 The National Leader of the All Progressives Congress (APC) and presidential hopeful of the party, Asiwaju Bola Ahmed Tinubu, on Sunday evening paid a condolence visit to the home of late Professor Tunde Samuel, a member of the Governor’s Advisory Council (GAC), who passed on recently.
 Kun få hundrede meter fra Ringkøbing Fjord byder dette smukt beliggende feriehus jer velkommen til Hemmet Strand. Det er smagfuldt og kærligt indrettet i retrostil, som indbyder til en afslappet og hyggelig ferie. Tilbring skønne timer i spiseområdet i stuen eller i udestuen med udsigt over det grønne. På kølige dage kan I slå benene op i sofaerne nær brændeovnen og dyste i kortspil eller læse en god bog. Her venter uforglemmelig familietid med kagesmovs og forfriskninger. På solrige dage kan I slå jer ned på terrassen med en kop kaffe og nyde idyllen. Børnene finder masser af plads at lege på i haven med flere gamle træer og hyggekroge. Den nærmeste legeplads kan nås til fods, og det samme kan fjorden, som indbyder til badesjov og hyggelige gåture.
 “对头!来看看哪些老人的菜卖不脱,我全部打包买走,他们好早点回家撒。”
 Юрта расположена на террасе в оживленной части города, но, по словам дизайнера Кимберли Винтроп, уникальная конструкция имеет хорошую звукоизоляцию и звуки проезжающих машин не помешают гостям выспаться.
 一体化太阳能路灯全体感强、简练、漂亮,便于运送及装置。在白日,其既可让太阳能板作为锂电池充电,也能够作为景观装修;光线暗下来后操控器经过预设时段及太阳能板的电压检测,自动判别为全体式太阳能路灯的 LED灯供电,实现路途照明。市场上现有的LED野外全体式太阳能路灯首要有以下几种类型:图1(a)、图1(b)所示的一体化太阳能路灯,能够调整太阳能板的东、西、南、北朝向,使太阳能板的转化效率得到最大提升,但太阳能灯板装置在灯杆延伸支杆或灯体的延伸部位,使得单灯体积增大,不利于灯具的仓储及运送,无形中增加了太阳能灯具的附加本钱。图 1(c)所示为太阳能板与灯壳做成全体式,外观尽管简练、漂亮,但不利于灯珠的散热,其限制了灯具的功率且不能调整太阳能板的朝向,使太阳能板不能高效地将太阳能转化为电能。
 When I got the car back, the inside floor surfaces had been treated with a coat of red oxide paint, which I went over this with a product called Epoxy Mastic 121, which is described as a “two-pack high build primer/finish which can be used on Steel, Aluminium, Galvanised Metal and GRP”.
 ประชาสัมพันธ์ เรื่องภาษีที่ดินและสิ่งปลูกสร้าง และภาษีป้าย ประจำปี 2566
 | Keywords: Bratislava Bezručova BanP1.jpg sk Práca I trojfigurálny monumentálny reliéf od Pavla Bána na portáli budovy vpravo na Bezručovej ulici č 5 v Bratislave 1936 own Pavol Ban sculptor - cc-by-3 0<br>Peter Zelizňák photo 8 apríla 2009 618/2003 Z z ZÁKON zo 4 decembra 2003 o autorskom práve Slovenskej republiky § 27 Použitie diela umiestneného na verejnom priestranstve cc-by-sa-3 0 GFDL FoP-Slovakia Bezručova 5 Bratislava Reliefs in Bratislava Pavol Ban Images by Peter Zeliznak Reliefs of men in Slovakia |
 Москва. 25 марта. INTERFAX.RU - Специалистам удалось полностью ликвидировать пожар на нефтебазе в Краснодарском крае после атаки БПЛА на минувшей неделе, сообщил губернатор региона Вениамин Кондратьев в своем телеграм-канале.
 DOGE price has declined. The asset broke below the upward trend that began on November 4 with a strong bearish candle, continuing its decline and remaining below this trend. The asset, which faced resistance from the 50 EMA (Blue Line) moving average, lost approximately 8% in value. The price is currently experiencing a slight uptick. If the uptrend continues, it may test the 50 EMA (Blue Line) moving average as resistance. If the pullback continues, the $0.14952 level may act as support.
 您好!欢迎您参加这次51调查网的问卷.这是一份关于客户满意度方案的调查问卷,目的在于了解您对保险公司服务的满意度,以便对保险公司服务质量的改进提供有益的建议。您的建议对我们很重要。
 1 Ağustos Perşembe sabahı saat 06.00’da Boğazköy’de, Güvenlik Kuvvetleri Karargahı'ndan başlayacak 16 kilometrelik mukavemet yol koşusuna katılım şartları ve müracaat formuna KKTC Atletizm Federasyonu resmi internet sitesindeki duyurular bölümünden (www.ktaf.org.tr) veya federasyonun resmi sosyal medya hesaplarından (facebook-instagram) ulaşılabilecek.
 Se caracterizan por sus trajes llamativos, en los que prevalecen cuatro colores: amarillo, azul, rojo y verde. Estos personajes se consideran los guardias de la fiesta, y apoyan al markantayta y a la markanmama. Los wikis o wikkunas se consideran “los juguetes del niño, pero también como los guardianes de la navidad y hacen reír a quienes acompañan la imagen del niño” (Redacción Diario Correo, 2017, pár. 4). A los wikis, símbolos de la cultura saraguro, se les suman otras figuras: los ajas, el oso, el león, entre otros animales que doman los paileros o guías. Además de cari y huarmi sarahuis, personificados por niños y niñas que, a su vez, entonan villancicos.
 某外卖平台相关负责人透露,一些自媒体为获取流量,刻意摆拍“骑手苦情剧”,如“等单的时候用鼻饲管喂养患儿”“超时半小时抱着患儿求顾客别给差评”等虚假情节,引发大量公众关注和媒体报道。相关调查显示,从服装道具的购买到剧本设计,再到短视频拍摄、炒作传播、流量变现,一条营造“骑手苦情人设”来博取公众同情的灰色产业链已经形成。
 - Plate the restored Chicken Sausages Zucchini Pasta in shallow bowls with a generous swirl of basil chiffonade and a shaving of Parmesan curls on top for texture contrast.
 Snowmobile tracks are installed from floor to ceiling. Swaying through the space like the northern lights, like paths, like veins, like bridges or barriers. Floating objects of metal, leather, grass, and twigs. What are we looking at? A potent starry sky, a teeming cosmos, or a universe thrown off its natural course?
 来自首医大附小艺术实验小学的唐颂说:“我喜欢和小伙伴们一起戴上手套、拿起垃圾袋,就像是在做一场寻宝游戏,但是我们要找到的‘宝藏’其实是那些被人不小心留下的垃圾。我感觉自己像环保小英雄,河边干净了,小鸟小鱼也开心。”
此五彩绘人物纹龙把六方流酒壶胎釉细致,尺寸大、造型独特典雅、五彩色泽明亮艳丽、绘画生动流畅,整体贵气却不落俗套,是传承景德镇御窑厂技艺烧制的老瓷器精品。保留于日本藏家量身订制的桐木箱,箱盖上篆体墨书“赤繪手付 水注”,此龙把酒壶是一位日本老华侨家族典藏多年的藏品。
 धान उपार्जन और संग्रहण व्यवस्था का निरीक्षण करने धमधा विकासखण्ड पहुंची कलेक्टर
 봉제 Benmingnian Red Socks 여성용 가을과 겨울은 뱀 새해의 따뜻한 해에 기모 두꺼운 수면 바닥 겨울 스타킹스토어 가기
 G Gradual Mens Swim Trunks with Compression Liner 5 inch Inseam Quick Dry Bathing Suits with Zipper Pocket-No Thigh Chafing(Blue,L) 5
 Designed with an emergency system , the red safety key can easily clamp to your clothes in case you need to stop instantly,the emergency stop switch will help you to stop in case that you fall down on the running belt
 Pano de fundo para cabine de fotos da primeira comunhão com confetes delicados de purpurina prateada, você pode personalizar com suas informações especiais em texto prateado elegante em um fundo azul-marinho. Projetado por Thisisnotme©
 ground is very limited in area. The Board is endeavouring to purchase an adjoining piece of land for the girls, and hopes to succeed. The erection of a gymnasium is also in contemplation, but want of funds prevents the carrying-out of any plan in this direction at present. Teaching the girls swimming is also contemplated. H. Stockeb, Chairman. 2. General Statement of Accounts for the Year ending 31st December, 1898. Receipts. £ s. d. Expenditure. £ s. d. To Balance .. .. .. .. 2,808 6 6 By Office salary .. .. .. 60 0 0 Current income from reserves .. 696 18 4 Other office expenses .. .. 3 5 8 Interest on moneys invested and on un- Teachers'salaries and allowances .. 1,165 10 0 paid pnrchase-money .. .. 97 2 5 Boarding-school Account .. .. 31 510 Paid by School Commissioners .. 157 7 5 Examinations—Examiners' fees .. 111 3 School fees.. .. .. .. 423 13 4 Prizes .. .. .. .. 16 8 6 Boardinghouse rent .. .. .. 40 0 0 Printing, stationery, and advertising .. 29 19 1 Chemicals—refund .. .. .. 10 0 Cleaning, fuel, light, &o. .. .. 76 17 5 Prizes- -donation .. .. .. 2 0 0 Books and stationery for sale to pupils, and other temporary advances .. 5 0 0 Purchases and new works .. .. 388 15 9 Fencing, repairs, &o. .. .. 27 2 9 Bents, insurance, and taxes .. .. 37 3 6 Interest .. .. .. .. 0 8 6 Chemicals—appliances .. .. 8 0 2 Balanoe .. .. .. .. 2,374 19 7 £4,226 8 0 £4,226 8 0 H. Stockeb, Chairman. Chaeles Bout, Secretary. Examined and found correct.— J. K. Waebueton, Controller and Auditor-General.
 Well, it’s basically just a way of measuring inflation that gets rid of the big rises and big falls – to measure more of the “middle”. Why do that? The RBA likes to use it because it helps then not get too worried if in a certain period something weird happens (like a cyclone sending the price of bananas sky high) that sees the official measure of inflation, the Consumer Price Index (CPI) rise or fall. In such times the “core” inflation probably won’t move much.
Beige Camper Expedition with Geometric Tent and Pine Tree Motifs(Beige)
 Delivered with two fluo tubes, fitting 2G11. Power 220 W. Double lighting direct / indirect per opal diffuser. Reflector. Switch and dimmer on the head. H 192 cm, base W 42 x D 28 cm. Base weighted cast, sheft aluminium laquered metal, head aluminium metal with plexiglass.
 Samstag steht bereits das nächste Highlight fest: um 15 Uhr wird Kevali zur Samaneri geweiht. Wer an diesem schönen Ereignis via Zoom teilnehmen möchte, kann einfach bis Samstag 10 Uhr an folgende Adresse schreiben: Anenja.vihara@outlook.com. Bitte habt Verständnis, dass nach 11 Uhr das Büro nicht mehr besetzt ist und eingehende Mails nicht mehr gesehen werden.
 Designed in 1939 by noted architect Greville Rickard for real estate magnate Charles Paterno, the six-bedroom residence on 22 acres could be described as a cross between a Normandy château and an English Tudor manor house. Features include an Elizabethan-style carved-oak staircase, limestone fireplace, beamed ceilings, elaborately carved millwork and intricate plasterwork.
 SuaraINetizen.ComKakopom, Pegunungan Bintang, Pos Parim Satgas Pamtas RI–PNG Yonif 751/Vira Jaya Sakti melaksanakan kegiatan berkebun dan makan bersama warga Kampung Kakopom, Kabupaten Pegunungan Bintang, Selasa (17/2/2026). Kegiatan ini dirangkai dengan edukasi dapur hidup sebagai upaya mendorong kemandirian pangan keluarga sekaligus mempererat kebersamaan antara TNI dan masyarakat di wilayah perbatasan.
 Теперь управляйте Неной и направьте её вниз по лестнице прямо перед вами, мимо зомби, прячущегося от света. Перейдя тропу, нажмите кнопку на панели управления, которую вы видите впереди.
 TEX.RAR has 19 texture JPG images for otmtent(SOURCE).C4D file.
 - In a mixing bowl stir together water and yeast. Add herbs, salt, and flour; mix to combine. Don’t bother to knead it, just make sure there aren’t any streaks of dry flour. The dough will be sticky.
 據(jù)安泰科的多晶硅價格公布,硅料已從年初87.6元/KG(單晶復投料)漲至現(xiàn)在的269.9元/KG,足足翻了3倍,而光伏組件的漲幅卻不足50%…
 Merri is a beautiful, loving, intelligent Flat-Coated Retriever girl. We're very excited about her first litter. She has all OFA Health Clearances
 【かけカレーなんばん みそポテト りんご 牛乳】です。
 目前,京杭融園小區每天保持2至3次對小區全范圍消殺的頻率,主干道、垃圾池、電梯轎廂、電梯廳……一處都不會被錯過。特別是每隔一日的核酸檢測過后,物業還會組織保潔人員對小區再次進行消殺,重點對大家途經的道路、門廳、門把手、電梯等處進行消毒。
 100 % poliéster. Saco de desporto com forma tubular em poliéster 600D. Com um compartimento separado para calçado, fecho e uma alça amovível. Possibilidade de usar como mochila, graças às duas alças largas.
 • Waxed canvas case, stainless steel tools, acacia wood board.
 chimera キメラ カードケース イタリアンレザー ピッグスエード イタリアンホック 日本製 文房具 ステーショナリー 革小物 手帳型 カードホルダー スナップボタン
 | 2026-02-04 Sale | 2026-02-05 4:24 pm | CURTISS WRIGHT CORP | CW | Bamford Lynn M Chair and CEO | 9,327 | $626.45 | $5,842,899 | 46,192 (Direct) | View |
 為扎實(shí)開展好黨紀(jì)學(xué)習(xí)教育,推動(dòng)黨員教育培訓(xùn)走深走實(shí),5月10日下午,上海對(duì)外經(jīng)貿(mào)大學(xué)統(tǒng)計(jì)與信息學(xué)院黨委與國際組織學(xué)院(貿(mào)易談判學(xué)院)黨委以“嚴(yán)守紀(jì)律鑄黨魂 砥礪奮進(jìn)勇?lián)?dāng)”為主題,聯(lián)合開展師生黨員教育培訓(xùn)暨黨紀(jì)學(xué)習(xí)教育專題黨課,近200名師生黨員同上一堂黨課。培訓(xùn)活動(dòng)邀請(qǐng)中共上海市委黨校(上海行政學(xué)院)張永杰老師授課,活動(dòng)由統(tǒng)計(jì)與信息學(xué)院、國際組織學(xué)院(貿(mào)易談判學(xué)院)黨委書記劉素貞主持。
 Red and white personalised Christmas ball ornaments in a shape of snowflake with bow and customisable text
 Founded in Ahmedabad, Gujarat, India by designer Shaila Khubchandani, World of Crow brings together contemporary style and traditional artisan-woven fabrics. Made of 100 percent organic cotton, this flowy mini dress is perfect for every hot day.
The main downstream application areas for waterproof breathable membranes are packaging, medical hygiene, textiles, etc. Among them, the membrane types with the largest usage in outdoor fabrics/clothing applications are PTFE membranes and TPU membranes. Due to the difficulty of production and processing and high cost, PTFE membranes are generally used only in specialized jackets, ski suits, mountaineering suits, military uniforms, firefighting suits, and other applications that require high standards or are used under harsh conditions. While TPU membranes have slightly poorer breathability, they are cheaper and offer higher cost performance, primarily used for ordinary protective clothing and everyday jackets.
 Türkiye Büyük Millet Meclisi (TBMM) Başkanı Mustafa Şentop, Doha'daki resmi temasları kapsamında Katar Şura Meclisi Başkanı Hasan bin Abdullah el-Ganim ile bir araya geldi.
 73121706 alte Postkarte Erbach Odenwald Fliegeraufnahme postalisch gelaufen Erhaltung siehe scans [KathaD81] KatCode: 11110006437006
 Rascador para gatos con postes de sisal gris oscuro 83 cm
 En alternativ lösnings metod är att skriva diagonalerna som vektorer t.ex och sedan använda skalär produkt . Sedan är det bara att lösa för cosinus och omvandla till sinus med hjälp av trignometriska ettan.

[What you have to do] Pull out all lines from the entries above that include the word "Designed".

[Task response]
 Designed with an emergency system , the red safety key can easily clamp to your clothes in case you need to stop instantly,the emergency stop switch will help you to stop in case that you fall down on the running belt
 Designed in 1939 by noted architect Greville Rickard for real estate magnate Charles Paterno, the six-bedroom residence on 22 acres could be described as a cross between a Normandy château and an English Tudor manor house. Features include an Elizabethan-style carved-oak staircase, limestone fireplace, beamed ceilings, elaborately carved millwork and intricate plasterwork.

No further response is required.